We are not trained diplomats or peacemakers. Although we arrived in the Niger Delta to make a documentary about this moment, we find ourselves now compelled to speak out b because nobody else seems to be doing so. International intervention may now be the only way to stop the beginning of a protracted and bloody struggle that costs many lives, further degrades the quality of life in the Delta (and turns ever more people here against the central government) and threatens the region’s vital oil exports at a time when interruptions of supplies from Alaska have already created a crisis in supply and price.
We do not presume to have all the answers to a conflict that is complex and longstanding. As filmmakers we are, however, good listeners. The following is a list of issues we have heard most loudly from the stakeholders of this region. Our intention is to send this document to representatives of each of these groups inside Nigeria, as well as the people and groups internationally who may already be engaged with Niger Delta issues and solutions, or who should be compelled to engage.

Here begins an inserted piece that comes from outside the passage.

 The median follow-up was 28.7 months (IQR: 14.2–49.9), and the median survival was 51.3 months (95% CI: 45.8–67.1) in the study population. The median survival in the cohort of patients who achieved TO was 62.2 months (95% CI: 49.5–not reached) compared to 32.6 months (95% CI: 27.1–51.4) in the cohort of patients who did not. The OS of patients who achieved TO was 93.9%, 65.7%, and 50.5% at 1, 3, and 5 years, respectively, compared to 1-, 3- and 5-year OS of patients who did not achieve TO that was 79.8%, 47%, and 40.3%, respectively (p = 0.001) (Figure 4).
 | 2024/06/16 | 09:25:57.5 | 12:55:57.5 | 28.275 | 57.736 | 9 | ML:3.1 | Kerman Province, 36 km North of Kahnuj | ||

We have also tapped an extensive network of connections to contact U.S. senators regarding calling for peace talks. We are attempting to bring media attention to this unfolding story, to shift the focus from kidnapping and violent response to the potential for bringing the parties together for peace negotiations.
We believe this juncture is a critical window of opportunity to forestall what is now a real and imminent threat of protracted violence. There needs to be an international force to stand between the combatants. And there needs to be negotiations with all parties given equal power in coming to the table to discuss solutions. The grievances of the people of the Delta are real and they will not go away. This time, they must be dealt with fairly because the people of the Delta will not accept anything else.
The issues
Definition of issues requires depth rather than general, blanket statements. The international community doesn’t understand the history, complexities and subtleties operating in the Delta, so it would be difficult to fully grasp the implications of statements like “resource control,” “self-determination” and “demilitarize the region.” To move forward effectively, there needs to be as much specificity as possible around each discussion point.

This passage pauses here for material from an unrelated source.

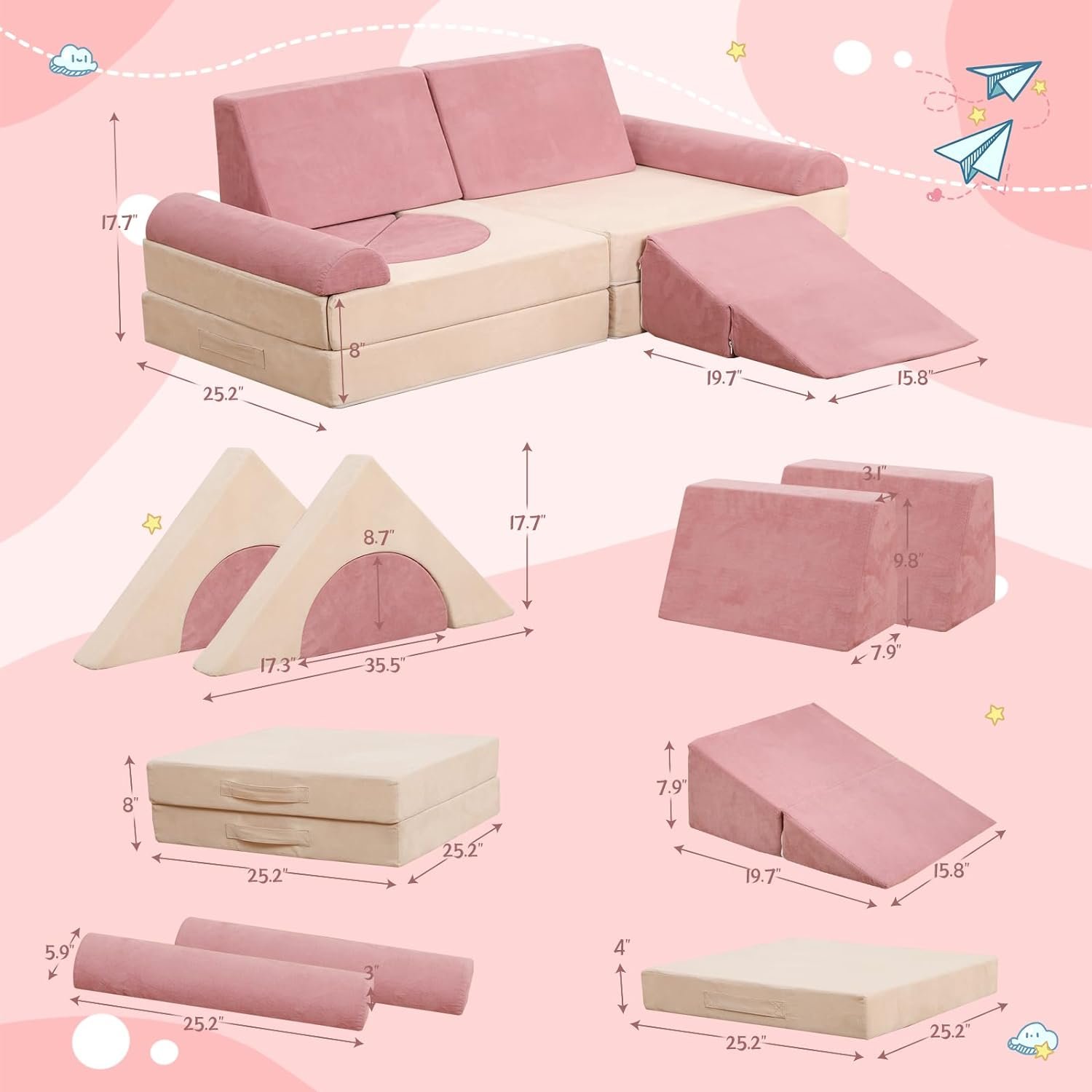 26 reviews for Modular Kids Play Couch – 12PCS Foam Climbing Set

1. Demilitarization of the Niger Delta.
- A step-by-step process is needed, starting with a signed agreement that includes an outline of incremental steps.
- Experienced third parties should be called in to help draft a specific and detailed plan, including timeline; transitional and final percentages of military, state, private security, locals; etc.
- The plan should be presented as requests/recommendations, rather than demands.
- It is important to include the recognition that de facto occupation of the riverine areas by the JTF has in effect caused the level of threat of armed conflict—simple withdrawal won’t solve the underlying issues.
- Examine test cases of communities that have less military guard, for example Oporoza. How did this come about? Why is it working better than heavily militarized areas? Look at successful demilitarization elsewhere in the world, for example Northern Ireland, New York City. Look at Joel Bisina’s (NGO Niger Delta Professionals for Development) work with Chevron training locals for non-armed security. This works because of relationships/connections: for example, locals will be in a position to spot and tip off about someone on their way to do bunkering. They don’t need a weapon—can just make a phone call.
- The Nigerian federal government needs to be accountable to due process when criminality is suspected. Nigerian democracy has not fully transitioned from military rule and must do so to de-escalate the Delta situation. Oil companies should be applying pressure to do this.
2. Reframing of the resource control conversation.
- Increasing the derivation percentage to 25% doesn’t get at the root cause of the problem. Clearly the 13% allocation isn’t working. Increasing the number before solving the bigger issue won’t help. It distracts attention and even if granted, probably won’t get more money into the communities. In fact, it will make the rich and corrupt even richer.
- Continuing the percentage argument first will also tend to fuel the power struggle between north and south.